Yeah still going strong mate. Altho it's in bits just now, I've started doing this at the wrong time of year... damn it lol.. Took me a while to decide on single or upgrade the twins, but went down the single route. Hopefully it'll be the right decision. Kinda forced into it with the actuator flappy door thingy making an escape for it. Few more things to buy then back on the road.


----------



## FarShark (Mar 16, 2009)

The car looks good. Did you have the standard Sumimoto brakes or the Brembos before you swapped to the R35 calipers?


----------



## DanRFC (Jul 24, 2012)

Standard Sumimoto, all be it with up rated discs and pads. to say there was an improvement is an understatement. 




FarShark said:


> The car looks good.
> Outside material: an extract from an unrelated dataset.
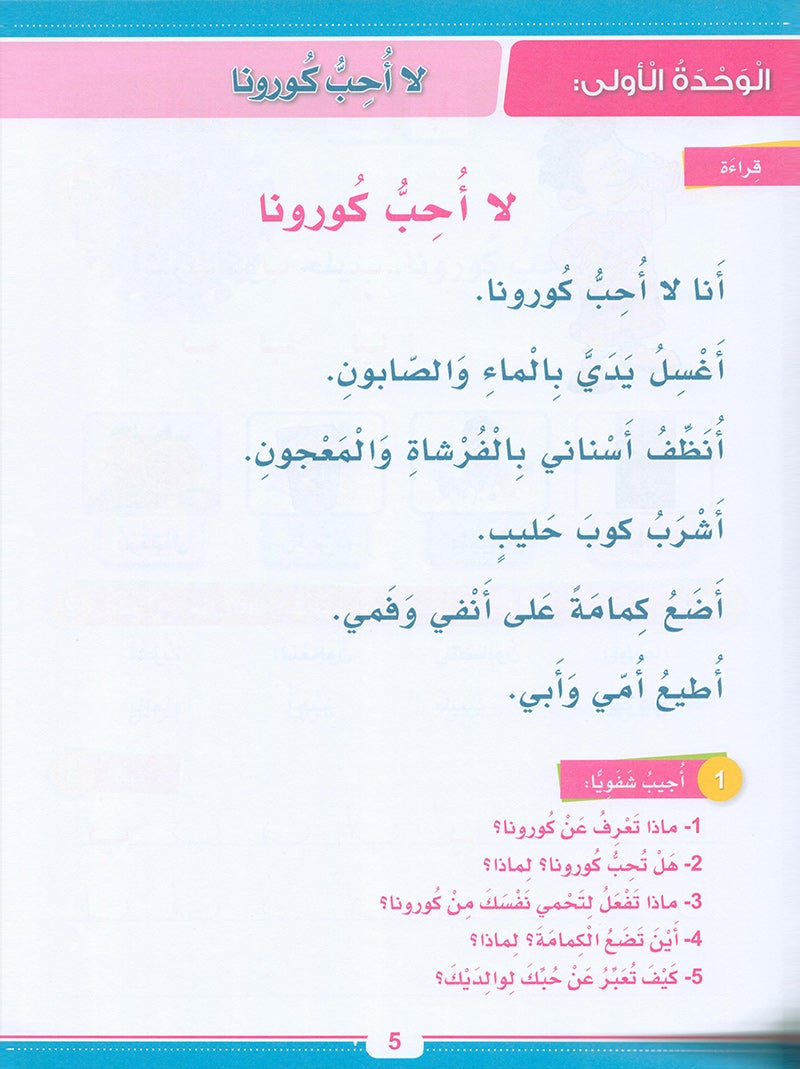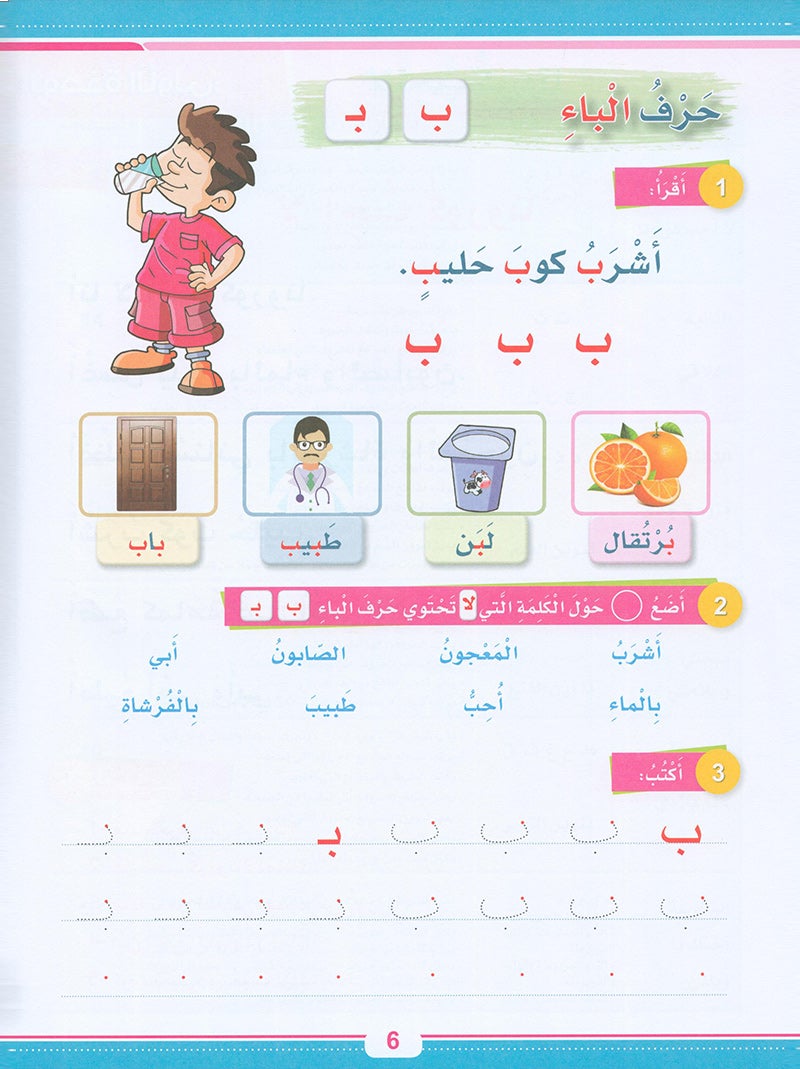 The content is presented in six educational units with a hierarchical progression that connects the subsequent with the previous, and an organized cumulative review that makes the language learning process easy. Each unit includes a reading text presenting a number of letters, where the learner extracts the letter from the text sentences, then utilizes the vocabulary of the text in reading and writing exercises on the learned letters, enhancing training in memory, observation, focus, and attention.
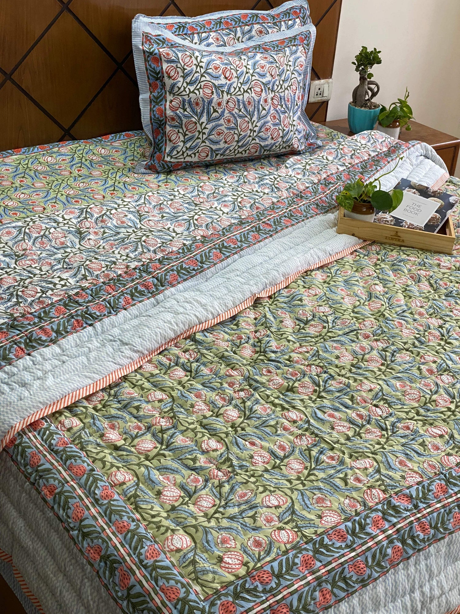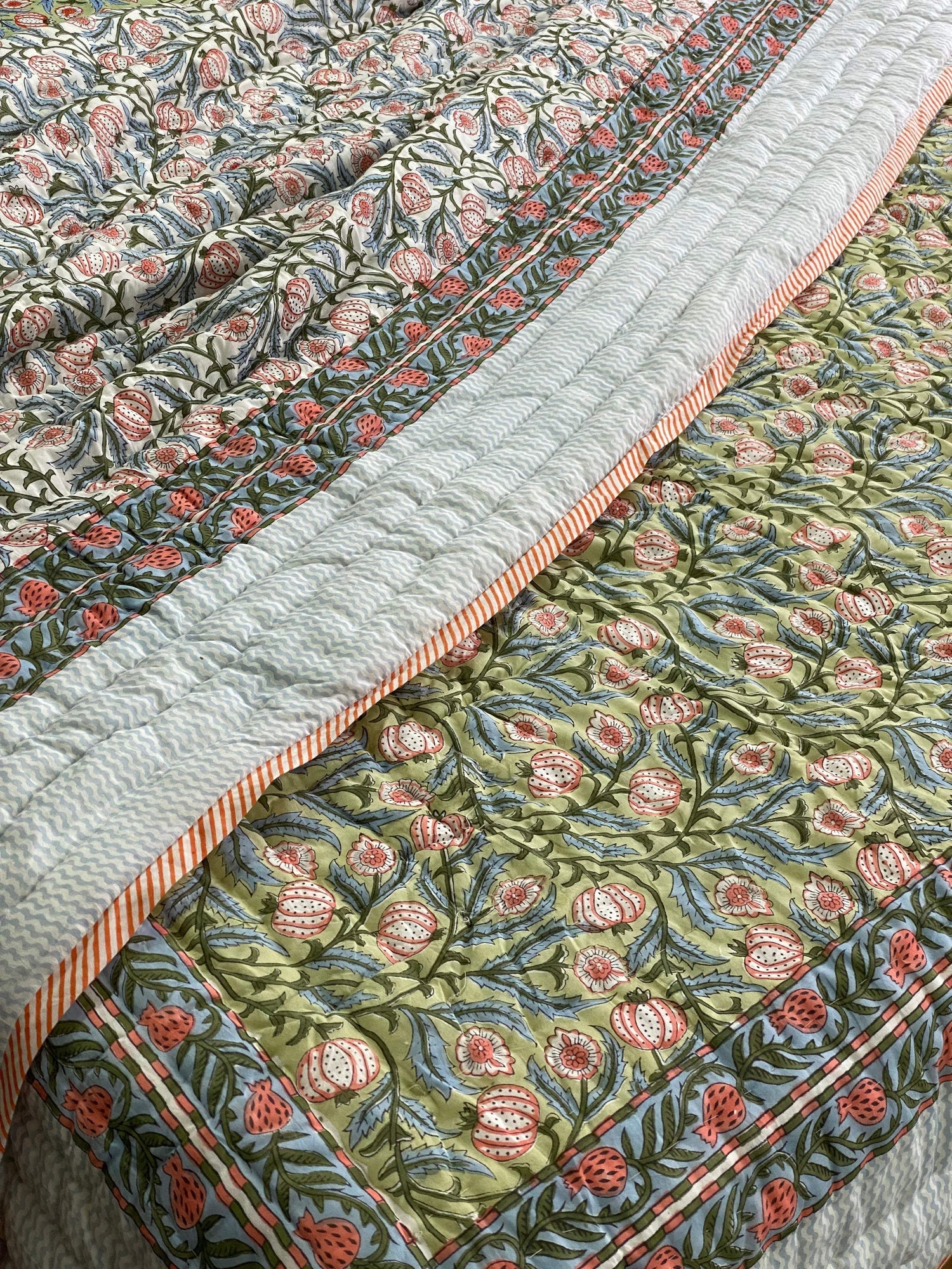 Hand Block Printed Cotton Reversible quilt/comforter. The quilt is made by the artisans of Rajasthan using azo-free dyes.

Did you have the standard Sumimoto brakes or the Brembos before you swapped to the R35 calipers?


----------



## RussVVTi6Speed (May 29, 2012)

Lovely, great example


----------



## ekjim (Jun 11, 2005)

Lovely car mate!

Are you doing all the work on it yourself?


----------



## DanRFC (Jul 24, 2012)

Cheers, yep with help from a mate all done at home, 6boost manifold and turbo fitted this week. Seems like a never ending list but getting there slowly but surely 






ekjim said:


> Lovely car mate!
> 
> Are you doing all the work on it yourself?


----------